### What to produce
Your answer must consist only of the lines from the start of the entries through the line that holds "This is a Letters", copied exactly, with no pictures.

___ Records

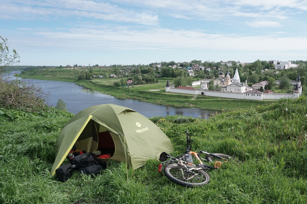 В Старице я поставила палатку на высоком берегу Волги с шикарным видом на Свято-Успенский монастырь и бесконечную реку. Только место было очень ветреное и ставить пришлось под сильным дождём, палатка так и норовила улететь в Волгу. Чувствую себя как альпинист на скале, ветер полощет тент, а я уже внутри в тепле завариваю чай. Не могу поверить в то, что доехала из дома аж до самой Волги. На сдутом коврике, оказывается, тоже можно спать. Только холодно, твёрдо и спина побаливает утром. Зато этот дырявый коврик и спальник — островок сухости и тепла в этом холодном мире.
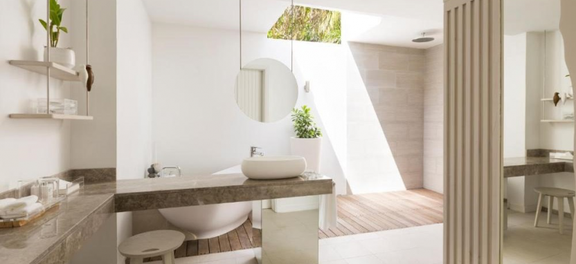 Beach Villa (95 кв. м) – пляжная вилла в саду. Кровать king-size, зона отдыха, письменный стол, ванная комната с душем, большая ванна под открытым небом, меблированная терраса с зоной отдыха, выходом на пляж и видом на океан. Размещение – 3 взрослых или 2 взрослых с 2 детьми.
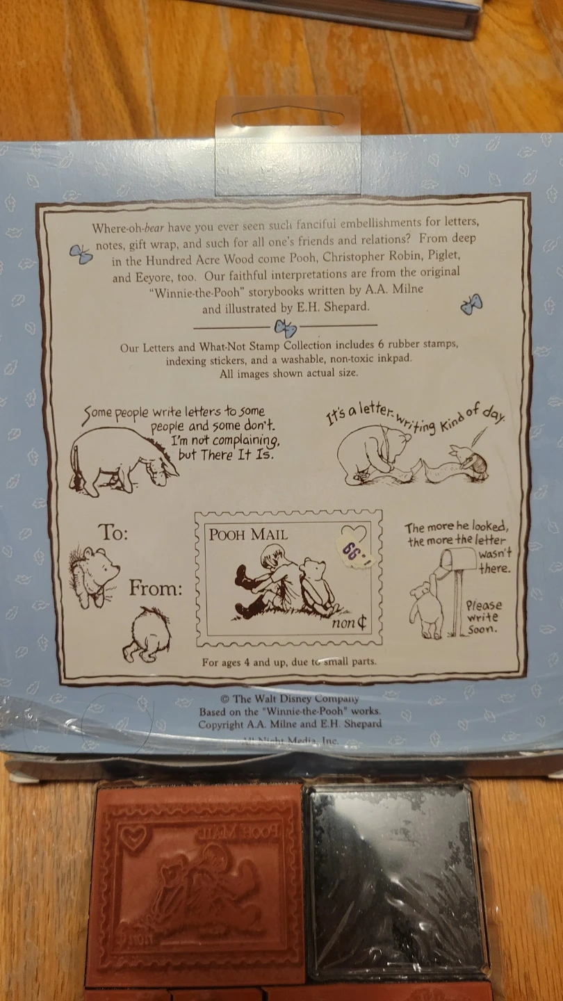 This is a Letters & What-Not Stamp Collection featuring 6 rubber stamps. It includes a washable, non-toxic inkpad. Stamps are inspired by A.A. Milne's "Winnie-the-Pooh" stories and E.H. Shepard's illustrations. Perfect for crafting or creative mail projects!
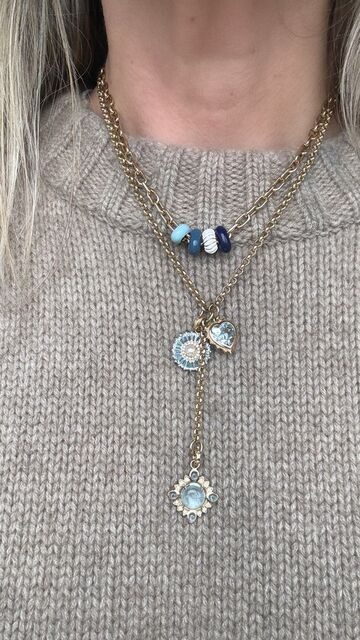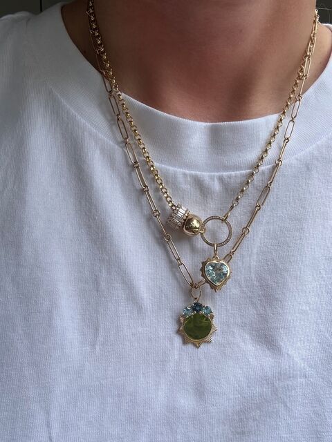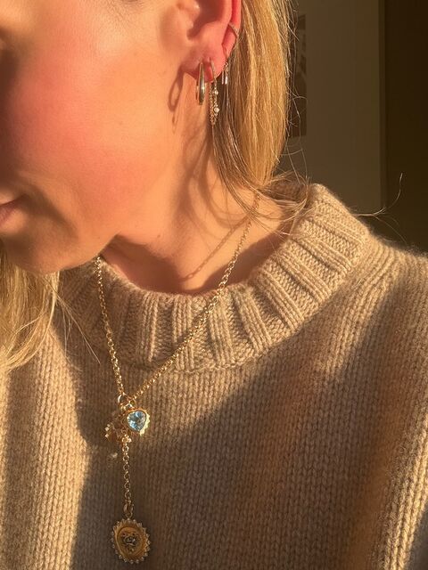LA luminous blue topaz heart, set in warm yellow gold and edged with a radiant sunburst frame. The stone’s serene, oceanic hue brings a sense of calm and clarity, while the golden detailing adds just the right touch of drama.
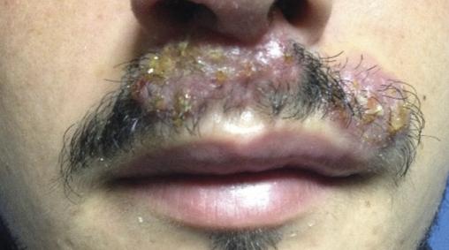Stéphane, 28 ans, sans antécédents, consulte pour des lésions du visage évoluant depuis plusieurs semaines. Les traitements par valaciclovir et pristinamycine ont été inefficaces. L’examen objective un placard inflammatoire de la moustache avec des pustules et des croûtes jaunâtres. Le patient indique qu’il travaille dans une ferme d’élevage, avec de nombreux animaux. Le prélèvement fongique révèle un Microsporum.

______

### Solution for this exercise
 В Старице я поставила палатку на высоком берегу Волги с шикарным видом на Свято-Успенский монастырь и бесконечную реку. Только место было очень ветреное и ставить пришлось под сильным дождём, палатка так и норовила улететь в Волгу. Чувствую себя как альпинист на скале, ветер полощет тент, а я уже внутри в тепле завариваю чай. Не могу поверить в то, что доехала из дома аж до самой Волги. На сдутом коврике, оказывается, тоже можно спать. Только холодно, твёрдо и спина побаливает утром. Зато этот дырявый коврик и спальник — островок сухости и тепла в этом холодном мире.
 Beach Villa (95 кв. м) – пляжная вилла в саду. Кровать king-size, зона отдыха, письменный стол, ванная комната с душем, большая ванна под открытым небом, меблированная терраса с зоной отдыха, выходом на пляж и видом на океан. Размещение – 3 взрослых или 2 взрослых с 2 детьми.
 This is a Letters & What-Not Stamp Collection featuring 6 rubber stamps. It includes a washable, non-toxic inkpad. Stamps are inspired by A.A. Milne's "Winnie-the-Pooh" stories and E.H. Shepard's illustrations. Perfect for crafting or creative mail projects!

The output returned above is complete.